5,2 Juta Penduduk Belum Terlayani Air Bersih

5,2 Juta Penduduk Belum Terlayani Air BersihProgram pembangunan dan pengembangan sistem jaringan air minum di Sulsel hingga tahun ini baru menjangkau 3 juta jiwa. Artinya dari 8,2 juta penduduk, masih ada sekitar 5,2 juta penduduk Sulsel belum terlayani air bersih.

Kepala Dinas Tata Ruang dan Permukiman (Distarkim) Sulsel, Andi Bakti Haruni, Rabu, 7 Desember mengungkapkan 5,2 juta penduduk tersebut bukan berarti tidak mendapatkan air bersih.
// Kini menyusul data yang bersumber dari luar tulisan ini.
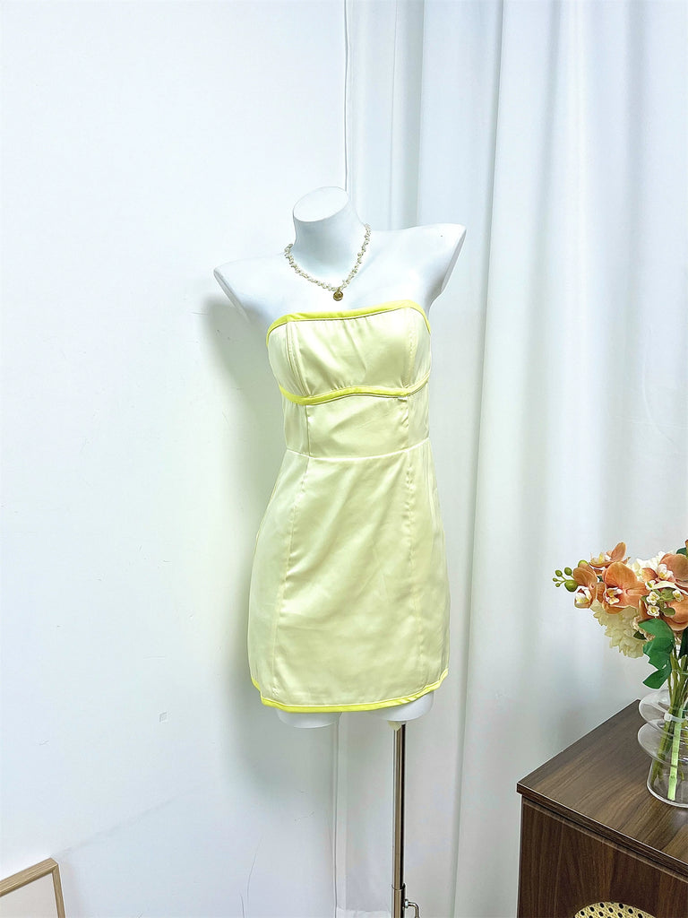 yellow satin bandeau mini dress - XS is backordered and will ship as soon as it is back in stock.

Mereka telah mendapatkan, namun belum terlayani oleh penyedia air bersih yang disiapkan pemerintah seperti PDAM atau lembaga lain.

Karena itu kata Bakti, 2012 mendatang pemerintah baik melalui APBD Sulsel dan APBN lewat program Kementerian Pekerjaan Umum masih mengalokasikan anggaran. Sayangnya dari APBD pokok Sulsel diusulkan sangat kecil Rp8 miliar hingga Rp10 miliar, sedangkan dari APBN jumlah belum diketahui. Padahal tahun 2010 lalu Sulsel mendapat sekitar 54 miliar gabungan dari APBD dan APBN.

“Kita usahakan tahun 2012 bisa menyentuh penduduk perdesaan. Tentu saja jika ada sumber air bersih di desa tersebut. Sebenarnya hingga kini sudah 1.700-an desa terlayani dari 2.100 jumlah desa di Sulsel,” kata Andi Bakti.

Pelayanan air bersih kata dia, sudah menjangkau 62 persen masyarakat perkotaan. Sedangkan masyarakat perdesaan terlayani 30 persen.

“Memang tak semua masyarakat desa bisa terlayani, namun setidaknya program ini sudah bisa menjangkau semua desa yang ada. Tak semua bisa terlayani karena masyarakat perdesaan juga memiliki akses air bersih yang lebih baik,” ungkapnya.

Sementara itu, Sekretaris Dinas Tata Ruang dan Pemukiman Sulsel, Sumi Heriza Sikki mengungkapkan, masih ada sekitar 1,9 juta jiwa yang sulit memperoleh program layanan air bersih. Mereka memang tak memiliki infrastruktur terutama di perdesaan. Namun itu bukan kendala karena masyarakat per desaan memiliki akses air bersih yang baik.

“Kami berharap tahun depan program ini sudah menjangkau desa yang belum terlayani air minum di Sulsel supaya semua masyarakat bisa mengakses air minum dan bersih,” ujar dia.

Sumi juga membeberkan pihaknya juga telah melaksanakan pembangunan dan perbaikan sarana kurang sehat di sejumlah perkotaan di Makassar misalnya, beberapa wilayah yang dilayani, yaitu Kecamatan Manggala, Tallo, Tamalanrea, dan Mariso.